[[ Given records, beginning ]]

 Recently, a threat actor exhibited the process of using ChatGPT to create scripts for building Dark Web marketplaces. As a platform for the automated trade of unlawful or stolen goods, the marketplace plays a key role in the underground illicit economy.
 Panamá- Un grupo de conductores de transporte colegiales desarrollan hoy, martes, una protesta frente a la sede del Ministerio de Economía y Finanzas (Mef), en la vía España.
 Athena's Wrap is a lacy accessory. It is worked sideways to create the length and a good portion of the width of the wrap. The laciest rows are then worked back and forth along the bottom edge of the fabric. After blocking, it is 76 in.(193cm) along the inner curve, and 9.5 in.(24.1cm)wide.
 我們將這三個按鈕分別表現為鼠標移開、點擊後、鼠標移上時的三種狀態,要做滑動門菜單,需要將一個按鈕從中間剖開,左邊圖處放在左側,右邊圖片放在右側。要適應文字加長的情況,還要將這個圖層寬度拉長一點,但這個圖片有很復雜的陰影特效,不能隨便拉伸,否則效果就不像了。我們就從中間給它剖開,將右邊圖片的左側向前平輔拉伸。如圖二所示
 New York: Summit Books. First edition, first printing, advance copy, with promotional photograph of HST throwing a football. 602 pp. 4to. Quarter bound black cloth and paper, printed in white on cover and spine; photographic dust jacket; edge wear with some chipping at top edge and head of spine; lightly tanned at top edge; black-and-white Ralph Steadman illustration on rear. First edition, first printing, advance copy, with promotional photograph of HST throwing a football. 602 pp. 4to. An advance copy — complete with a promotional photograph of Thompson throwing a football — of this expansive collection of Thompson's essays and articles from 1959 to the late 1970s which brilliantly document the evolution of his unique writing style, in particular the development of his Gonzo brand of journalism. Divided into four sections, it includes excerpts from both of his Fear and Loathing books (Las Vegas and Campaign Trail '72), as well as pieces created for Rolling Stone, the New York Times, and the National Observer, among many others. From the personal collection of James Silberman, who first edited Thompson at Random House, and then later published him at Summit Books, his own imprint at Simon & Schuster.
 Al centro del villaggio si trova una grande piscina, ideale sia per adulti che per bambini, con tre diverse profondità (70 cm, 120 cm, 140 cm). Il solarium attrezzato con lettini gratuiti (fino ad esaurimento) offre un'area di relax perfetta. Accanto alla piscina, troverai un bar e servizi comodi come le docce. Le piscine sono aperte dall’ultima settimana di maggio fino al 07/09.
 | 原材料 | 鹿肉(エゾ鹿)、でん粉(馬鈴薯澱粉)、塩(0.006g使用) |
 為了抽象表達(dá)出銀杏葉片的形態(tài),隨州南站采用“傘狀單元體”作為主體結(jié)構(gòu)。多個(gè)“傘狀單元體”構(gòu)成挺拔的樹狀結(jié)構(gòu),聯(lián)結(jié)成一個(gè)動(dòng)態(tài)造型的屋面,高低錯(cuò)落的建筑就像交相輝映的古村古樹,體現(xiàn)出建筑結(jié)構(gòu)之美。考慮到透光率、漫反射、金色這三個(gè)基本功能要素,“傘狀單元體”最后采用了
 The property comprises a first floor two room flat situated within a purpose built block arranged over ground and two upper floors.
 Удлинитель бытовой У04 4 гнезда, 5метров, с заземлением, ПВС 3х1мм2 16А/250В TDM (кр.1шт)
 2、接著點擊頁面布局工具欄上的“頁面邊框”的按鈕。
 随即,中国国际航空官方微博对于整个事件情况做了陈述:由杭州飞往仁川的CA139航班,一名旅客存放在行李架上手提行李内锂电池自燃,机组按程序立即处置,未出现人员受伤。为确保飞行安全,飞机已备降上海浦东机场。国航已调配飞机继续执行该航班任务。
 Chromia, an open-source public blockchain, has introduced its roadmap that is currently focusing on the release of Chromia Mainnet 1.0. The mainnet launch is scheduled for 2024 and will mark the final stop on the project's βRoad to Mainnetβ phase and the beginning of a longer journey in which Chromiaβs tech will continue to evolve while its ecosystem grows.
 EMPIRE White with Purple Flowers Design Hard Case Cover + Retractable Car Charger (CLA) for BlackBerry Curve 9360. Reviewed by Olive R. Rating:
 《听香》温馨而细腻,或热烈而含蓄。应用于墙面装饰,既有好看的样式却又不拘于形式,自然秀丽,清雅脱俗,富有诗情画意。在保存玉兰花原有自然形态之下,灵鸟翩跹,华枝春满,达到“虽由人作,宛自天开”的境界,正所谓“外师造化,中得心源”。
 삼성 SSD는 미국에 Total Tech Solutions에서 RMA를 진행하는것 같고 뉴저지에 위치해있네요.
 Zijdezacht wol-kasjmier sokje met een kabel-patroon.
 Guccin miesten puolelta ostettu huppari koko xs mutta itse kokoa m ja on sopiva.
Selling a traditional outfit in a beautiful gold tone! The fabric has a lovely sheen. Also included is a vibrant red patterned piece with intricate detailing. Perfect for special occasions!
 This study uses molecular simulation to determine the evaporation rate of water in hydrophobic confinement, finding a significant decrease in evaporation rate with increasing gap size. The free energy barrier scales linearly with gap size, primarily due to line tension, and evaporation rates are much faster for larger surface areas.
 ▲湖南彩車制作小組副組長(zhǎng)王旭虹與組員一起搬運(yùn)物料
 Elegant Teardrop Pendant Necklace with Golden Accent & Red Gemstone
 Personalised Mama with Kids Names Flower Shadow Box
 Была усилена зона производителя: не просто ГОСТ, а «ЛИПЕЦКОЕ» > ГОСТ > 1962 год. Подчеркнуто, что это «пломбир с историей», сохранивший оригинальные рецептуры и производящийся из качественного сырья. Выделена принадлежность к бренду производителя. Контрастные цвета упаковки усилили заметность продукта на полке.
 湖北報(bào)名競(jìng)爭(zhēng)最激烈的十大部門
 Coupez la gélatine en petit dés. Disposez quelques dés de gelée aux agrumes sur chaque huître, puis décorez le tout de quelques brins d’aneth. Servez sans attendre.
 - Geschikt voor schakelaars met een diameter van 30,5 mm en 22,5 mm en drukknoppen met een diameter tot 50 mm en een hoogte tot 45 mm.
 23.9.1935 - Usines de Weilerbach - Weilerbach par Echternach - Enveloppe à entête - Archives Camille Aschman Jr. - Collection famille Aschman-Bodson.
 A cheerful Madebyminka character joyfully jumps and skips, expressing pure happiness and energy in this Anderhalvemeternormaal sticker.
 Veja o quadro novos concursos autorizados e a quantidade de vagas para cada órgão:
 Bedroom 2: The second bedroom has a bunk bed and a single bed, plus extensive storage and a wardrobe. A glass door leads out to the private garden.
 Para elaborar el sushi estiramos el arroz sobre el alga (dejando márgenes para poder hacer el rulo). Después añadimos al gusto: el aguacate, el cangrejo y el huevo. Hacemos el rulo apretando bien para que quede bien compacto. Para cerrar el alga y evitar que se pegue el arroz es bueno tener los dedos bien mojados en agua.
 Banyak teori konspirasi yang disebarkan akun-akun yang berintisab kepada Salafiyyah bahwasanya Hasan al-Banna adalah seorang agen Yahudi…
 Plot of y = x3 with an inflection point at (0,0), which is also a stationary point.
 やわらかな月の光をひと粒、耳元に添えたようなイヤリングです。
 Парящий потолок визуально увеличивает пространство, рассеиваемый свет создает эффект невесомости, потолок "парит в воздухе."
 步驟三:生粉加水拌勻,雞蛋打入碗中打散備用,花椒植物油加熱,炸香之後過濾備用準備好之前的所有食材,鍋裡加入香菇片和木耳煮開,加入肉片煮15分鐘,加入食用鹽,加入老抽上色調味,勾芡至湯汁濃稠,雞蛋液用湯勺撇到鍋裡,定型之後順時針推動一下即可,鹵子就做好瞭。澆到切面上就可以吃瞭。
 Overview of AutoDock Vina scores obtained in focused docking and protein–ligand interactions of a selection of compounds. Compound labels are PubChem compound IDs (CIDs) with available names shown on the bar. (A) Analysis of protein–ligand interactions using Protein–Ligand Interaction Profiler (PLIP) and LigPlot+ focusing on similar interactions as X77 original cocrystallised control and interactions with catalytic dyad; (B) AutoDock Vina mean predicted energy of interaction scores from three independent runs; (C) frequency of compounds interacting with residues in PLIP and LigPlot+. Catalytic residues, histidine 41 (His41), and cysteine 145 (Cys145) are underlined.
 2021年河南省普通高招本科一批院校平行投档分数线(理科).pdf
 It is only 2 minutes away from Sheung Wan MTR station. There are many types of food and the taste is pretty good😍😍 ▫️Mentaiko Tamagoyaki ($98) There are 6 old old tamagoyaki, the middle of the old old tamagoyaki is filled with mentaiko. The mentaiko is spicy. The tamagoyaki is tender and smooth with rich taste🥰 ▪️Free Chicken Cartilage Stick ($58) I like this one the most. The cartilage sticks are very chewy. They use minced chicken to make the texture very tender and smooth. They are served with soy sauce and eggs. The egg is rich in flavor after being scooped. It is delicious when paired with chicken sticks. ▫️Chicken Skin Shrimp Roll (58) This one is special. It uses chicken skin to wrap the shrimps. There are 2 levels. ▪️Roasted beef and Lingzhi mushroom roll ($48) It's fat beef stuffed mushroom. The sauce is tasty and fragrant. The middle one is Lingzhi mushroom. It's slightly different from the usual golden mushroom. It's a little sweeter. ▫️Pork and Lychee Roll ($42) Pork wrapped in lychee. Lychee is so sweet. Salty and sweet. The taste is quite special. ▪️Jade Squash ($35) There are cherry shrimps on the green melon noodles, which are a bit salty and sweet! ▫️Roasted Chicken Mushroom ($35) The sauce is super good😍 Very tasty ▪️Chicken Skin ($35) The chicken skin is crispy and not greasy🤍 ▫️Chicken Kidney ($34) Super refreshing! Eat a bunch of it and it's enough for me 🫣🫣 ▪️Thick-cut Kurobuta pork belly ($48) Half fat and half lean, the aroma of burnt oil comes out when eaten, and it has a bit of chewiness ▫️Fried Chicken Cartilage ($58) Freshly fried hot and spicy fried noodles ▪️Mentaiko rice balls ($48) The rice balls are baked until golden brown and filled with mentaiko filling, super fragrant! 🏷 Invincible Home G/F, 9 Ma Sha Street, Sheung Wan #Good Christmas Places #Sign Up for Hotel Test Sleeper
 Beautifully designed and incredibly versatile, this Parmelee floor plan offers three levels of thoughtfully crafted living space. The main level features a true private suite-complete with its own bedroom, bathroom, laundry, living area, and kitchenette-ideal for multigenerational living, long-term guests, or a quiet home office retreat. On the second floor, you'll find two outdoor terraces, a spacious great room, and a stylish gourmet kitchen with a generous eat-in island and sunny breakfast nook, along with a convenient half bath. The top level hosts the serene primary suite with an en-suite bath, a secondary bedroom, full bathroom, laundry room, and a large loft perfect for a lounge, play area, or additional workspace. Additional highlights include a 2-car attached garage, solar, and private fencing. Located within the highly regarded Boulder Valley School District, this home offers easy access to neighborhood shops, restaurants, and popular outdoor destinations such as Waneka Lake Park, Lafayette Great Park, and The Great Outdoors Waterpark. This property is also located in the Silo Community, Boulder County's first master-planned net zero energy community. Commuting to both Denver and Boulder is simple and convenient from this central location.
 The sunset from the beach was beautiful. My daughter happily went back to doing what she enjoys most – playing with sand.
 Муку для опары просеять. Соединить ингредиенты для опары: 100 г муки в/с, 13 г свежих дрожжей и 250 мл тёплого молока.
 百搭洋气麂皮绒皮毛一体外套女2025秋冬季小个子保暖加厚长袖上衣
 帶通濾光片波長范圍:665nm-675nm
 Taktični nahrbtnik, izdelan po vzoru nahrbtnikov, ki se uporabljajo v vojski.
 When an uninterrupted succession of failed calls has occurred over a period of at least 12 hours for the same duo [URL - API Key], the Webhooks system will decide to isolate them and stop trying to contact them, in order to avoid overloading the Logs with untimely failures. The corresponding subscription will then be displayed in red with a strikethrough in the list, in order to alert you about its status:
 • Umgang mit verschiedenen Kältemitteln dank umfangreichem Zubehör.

[[ Given records, end ]]

| Assignment |
Take the lines from the start of the records through the line holding "我們將這三個按鈕分別表現為鼠", both included, and please print them exactly, with nothing else.

| Exercise output |
 Recently, a threat actor exhibited the process of using ChatGPT to create scripts for building Dark Web marketplaces. As a platform for the automated trade of unlawful or stolen goods, the marketplace plays a key role in the underground illicit economy.
 Panamá- Un grupo de conductores de transporte colegiales desarrollan hoy, martes, una protesta frente a la sede del Ministerio de Economía y Finanzas (Mef), en la vía España.
 Athena's Wrap is a lacy accessory. It is worked sideways to create the length and a good portion of the width of the wrap. The laciest rows are then worked back and forth along the bottom edge of the fabric. After blocking, it is 76 in.(193cm) along the inner curve, and 9.5 in.(24.1cm)wide.
 我們將這三個按鈕分別表現為鼠標移開、點擊後、鼠標移上時的三種狀態,要做滑動門菜單,需要將一個按鈕從中間剖開,左邊圖處放在左側,右邊圖片放在右側。要適應文字加長的情況,還要將這個圖層寬度拉長一點,但這個圖片有很復雜的陰影特效,不能隨便拉伸,否則效果就不像了。我們就從中間給它剖開,將右邊圖片的左側向前平輔拉伸。如圖二所示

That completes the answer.